Dataset content:
· · · ·

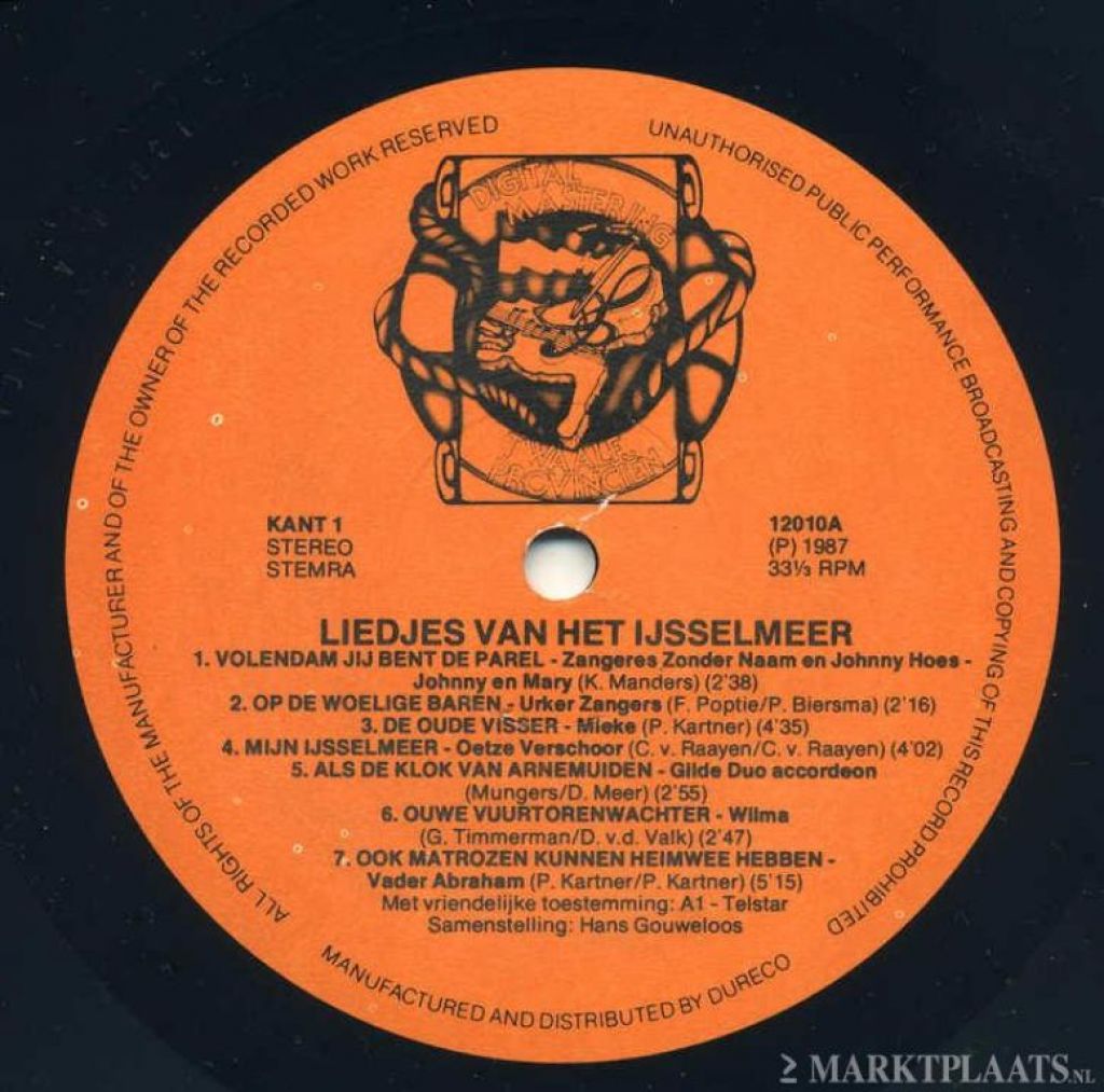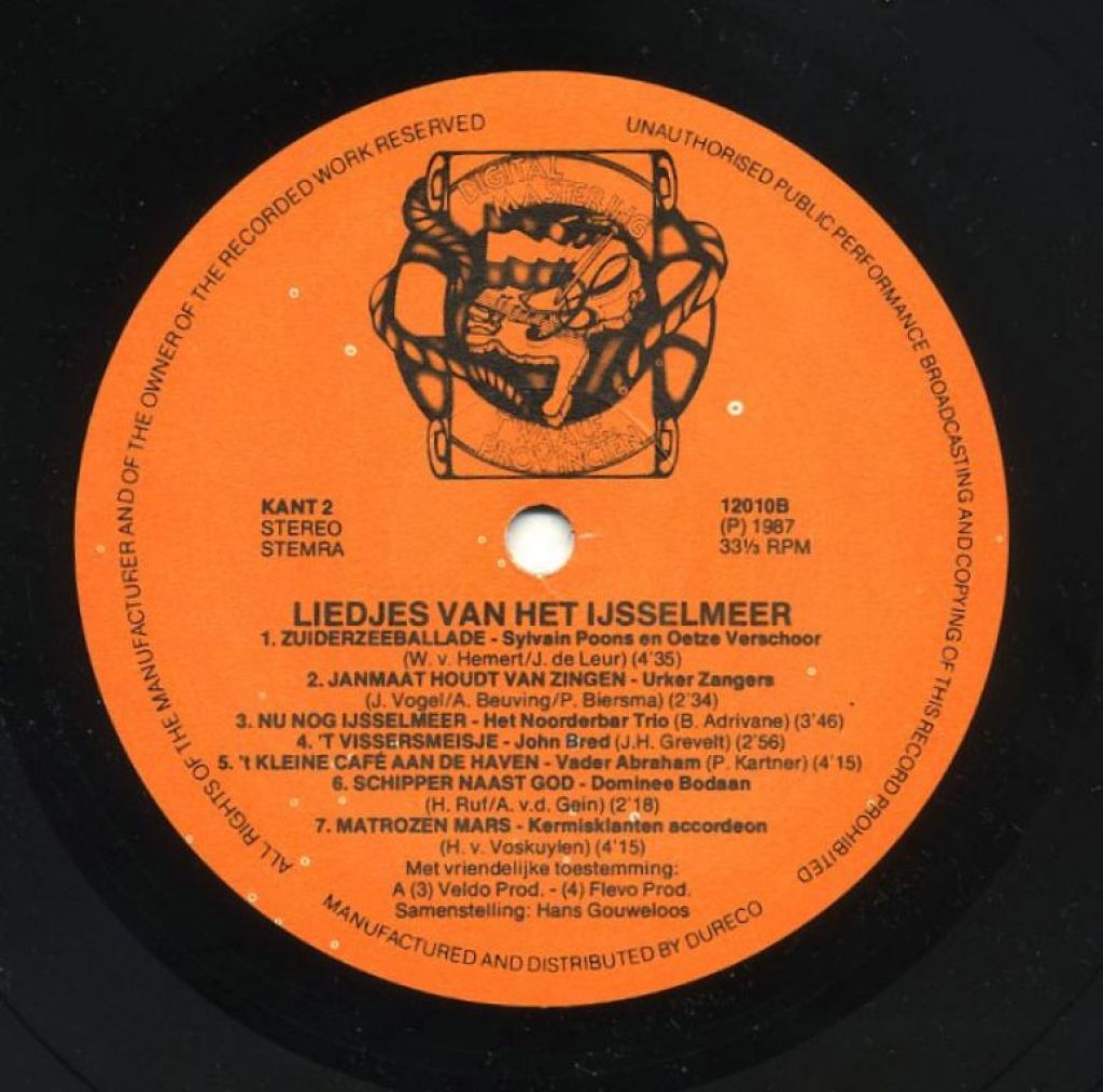 Deze LP met maar liefst 14 ballades over het IJsselmeer en de bewoners van de dorpen rondom dit meer, zoals b.v. Volendam / Arnemuiden
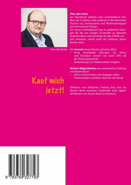 Die Vorteile dieses Bandes auf einen Blick: Übungen zur Vorbereitung auf den Teil Lesen und Schreiben des DTB B2, vielfältige Anregungen zum Üben für die verschiedenen Schwierigkeiten des Knackens der Übungen. Weitere Möglichkeiten zum Einsatz dieses Bandes im Überblick: Aufgaben lesen und verstehen üben, mit Texten das Schreiben an Kunden üben und wichtige Inhalte schnell erschließen, Aufgaben in einer Simulation des Tests üben, Anregungen für Zwischentests und zeitsparende Dokumentation der Zwischentests. Optimal ist das tägliche Üben für 20-30 Minuten mit diesem Trainingsbuch.
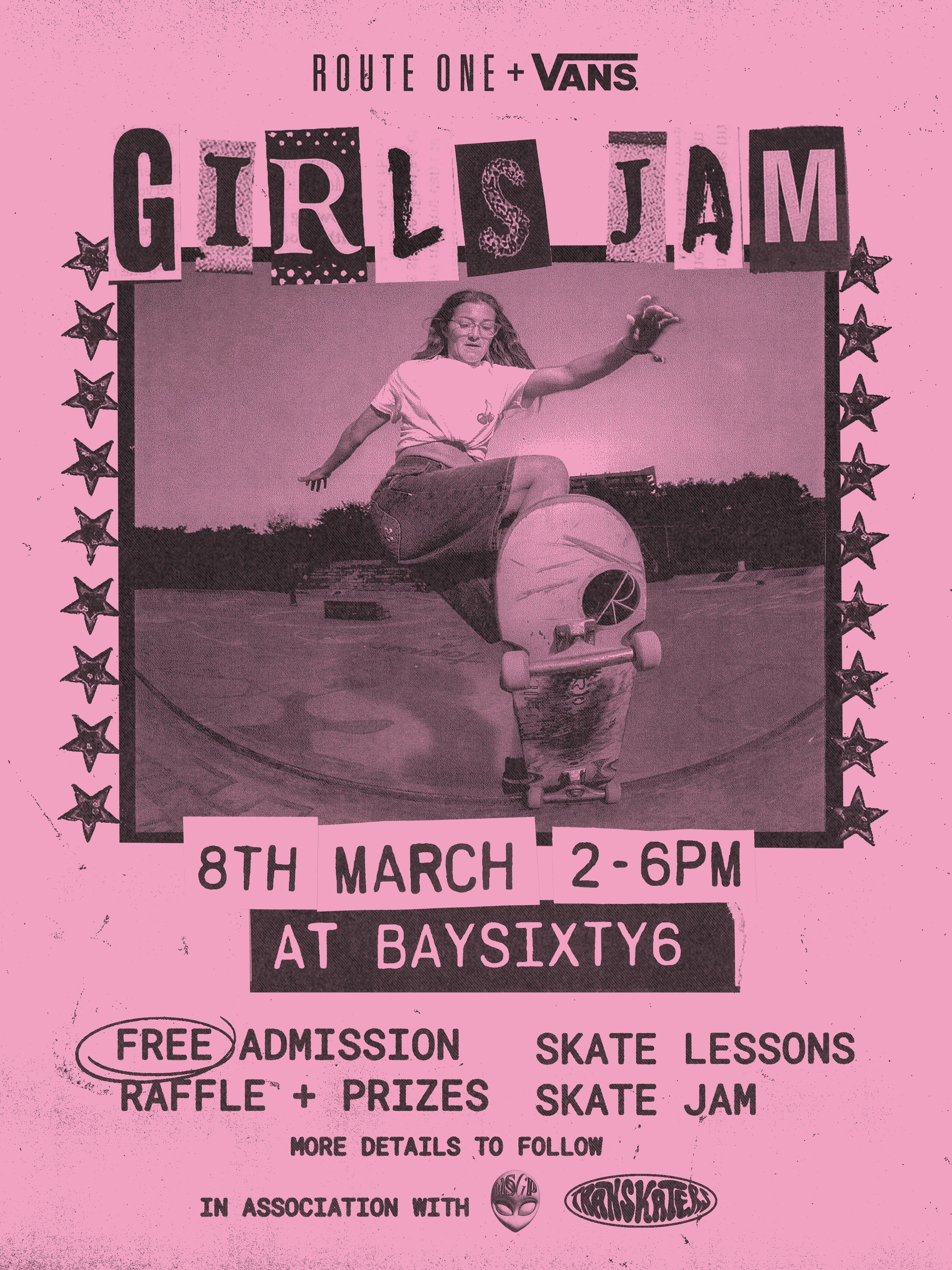 GIRLS JAM! Free admission for all women to Bay Sixty 6 in celebration of International Women’s Day 2026 on Sunday 8th March, in association with Vans Skate.
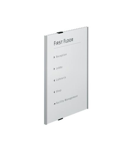 Durable dørskilt/mødeskilt Info Sign, 297x420 mm INFO SIGN er en serie af elegant design, som passer til de fleste miljøer. Dørplade af aluminium (297x420mm) med reflekterende front bord i akryl. Leveres med skruer, klæbepuder og plug-neutral papir. ...
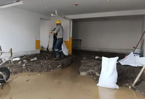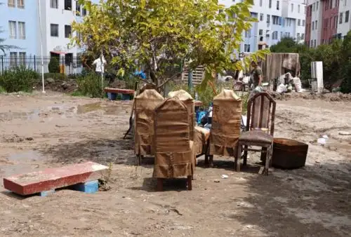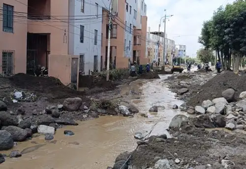 Equipos especializados iniciaron la fumigación y limpieza de los bloques habitacionales Flora Tristán, en Arequipa que fueron inundados tras el desborde de la torrentera Chullo, a consecuencia de las intensas lluvias que soportó
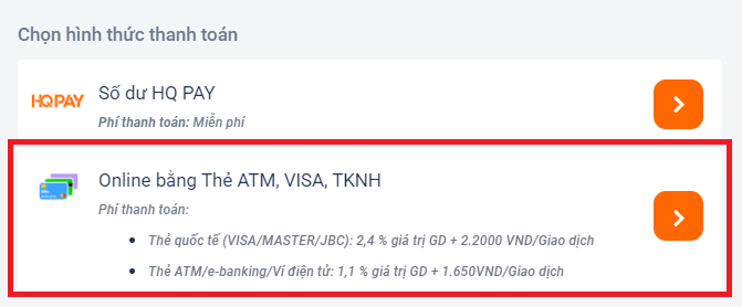 - Hình thức thanh toán này áp dụng cho người dùng có hoặc không có tài khoản HQ Pay.
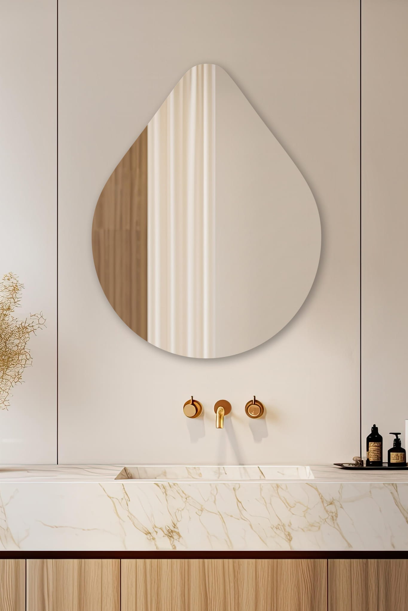 - Lustro A-1 Łezka to bezramkowe lustro o nieregularnym kształcie, idealne dla miłośników eleganckiego i nowoczesnego wystroju wnętrz.
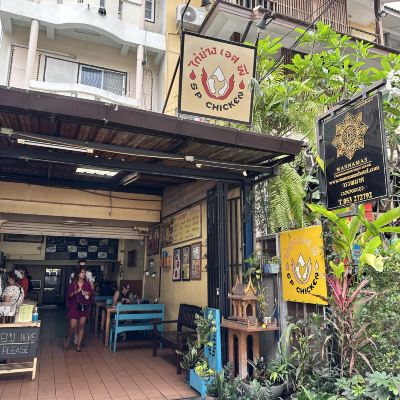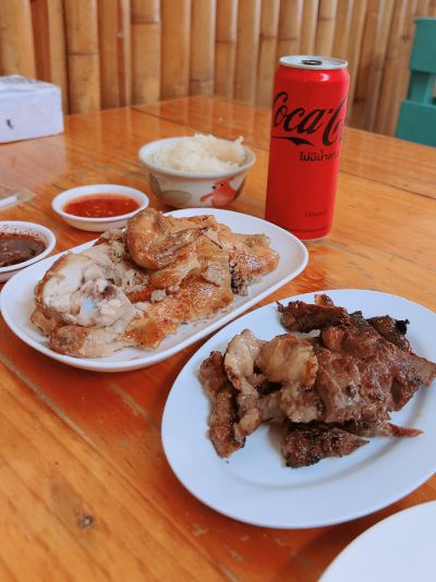 This fried chicken shop is very unique. We ordered the signature grilled chicken and green papaya salad, as well as stir-fried water spinach with minced meat and vermicelli and Tom Yum Goong soup. It is very authentic northern Thai cuisine, a bit spicy and sour, cheap, but the only drawback is that the portion is small.
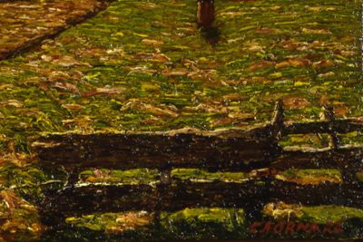 Dipinto a olio di piccole dimensioni di Carlo Fornara, raffigurante un paesaggio agricolo con il sole che sta per tramontare, un contadino sulla sinistra visto di spalle e un paese sullo sfondo.
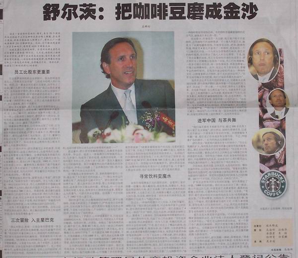 扩张还会带来不同文化间的碰撞。舒尔茨聊起了中国,“1999年的时候,我们在北京创立了第一家店,我公开说过好几次,中国是星巴克最重要的、最具有战略意义的市场,它最终将成为我们的第二大市场。”笔者问,星巴克如何应对中国传统的茶文化?他驾轻就熟地回答:“不管到哪里,包括纽约、芝加哥或者巴黎,每进入一个城市,我们都尊重当地的文化。中国人喜欢喝茶,茶馆也是人们交流的场所。不过,我们还是想提供一种新的生活方式,我们创造自己的体验,而不是挑起茶文化和咖啡文化的竞争。”
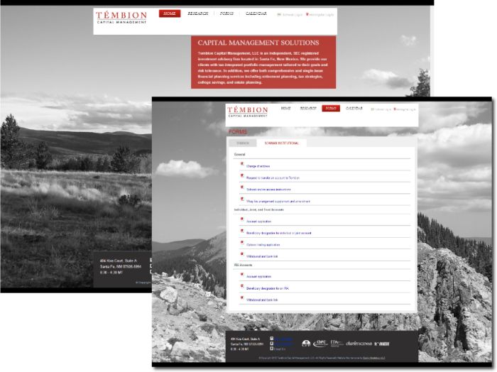 Tembion Capital Management, LLC is an independent, SEC-registered investment advisory firm located in Santa Fe, NM. Their new page allows them to provide financial forms, research information, and calendar advisories for important tax and financial related information to their clients much more easily than they were able to before.
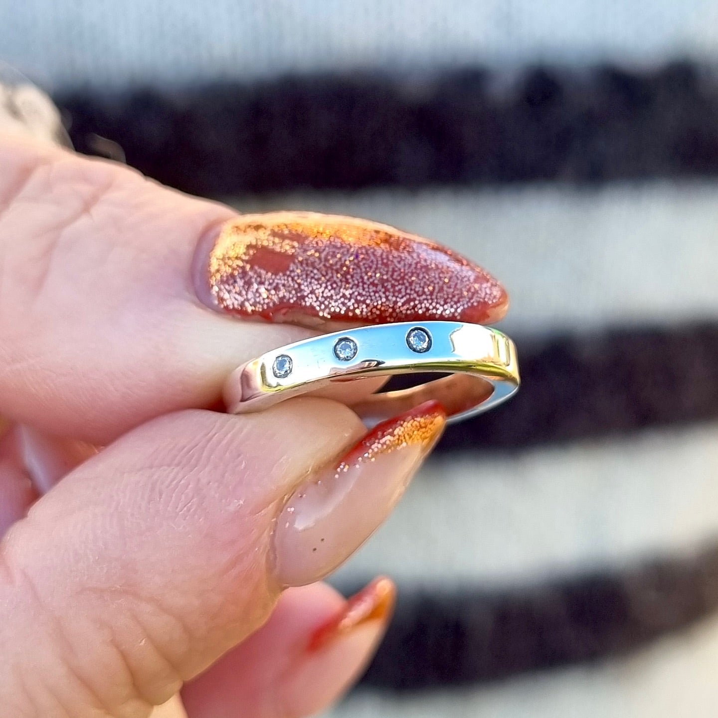 Silver band with trio of diamonds
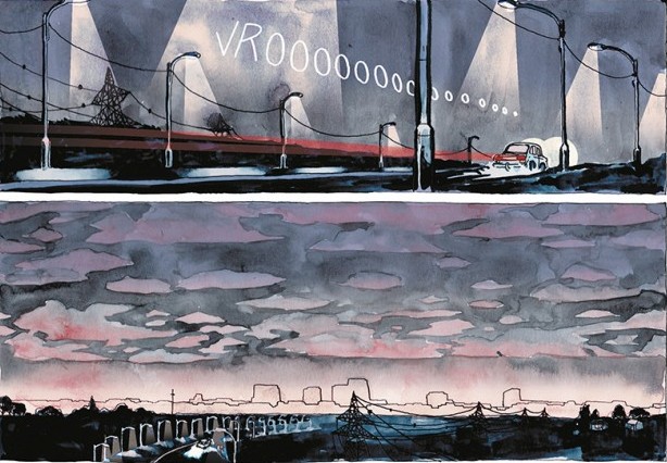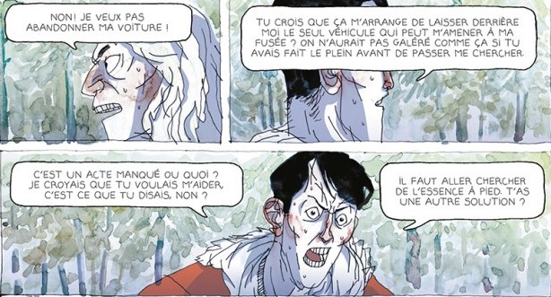 Et puis… il y a le dessin. En fait, ce sont surtout les visages des personnages qui me gênent. Les traits sont hyper présents et outre que ça les rend très anguleux, les expressions sont également souvent assez agressives. Résultat, on a parfois du mal à éprouver de la sympathie pour eux et, plus simplement, à s’identifier. Après, ça reste tout de même de l’aquarelle, avec toute la poésie que cela peut impliquer, et les décors sont de facture tout à fait honorable.

· · · ·

Aim of the task:
Using the entries above, transcribe every line from the line containing "Equipos especializados iniciaron" through the line containing "- Hình thức". Do not copy pictures.

Reply:
 Equipos especializados iniciaron la fumigación y limpieza de los bloques habitacionales Flora Tristán, en Arequipa que fueron inundados tras el desborde de la torrentera Chullo, a consecuencia de las intensas lluvias que soportó
 - Hình thức thanh toán này áp dụng cho người dùng có hoặc không có tài khoản HQ Pay.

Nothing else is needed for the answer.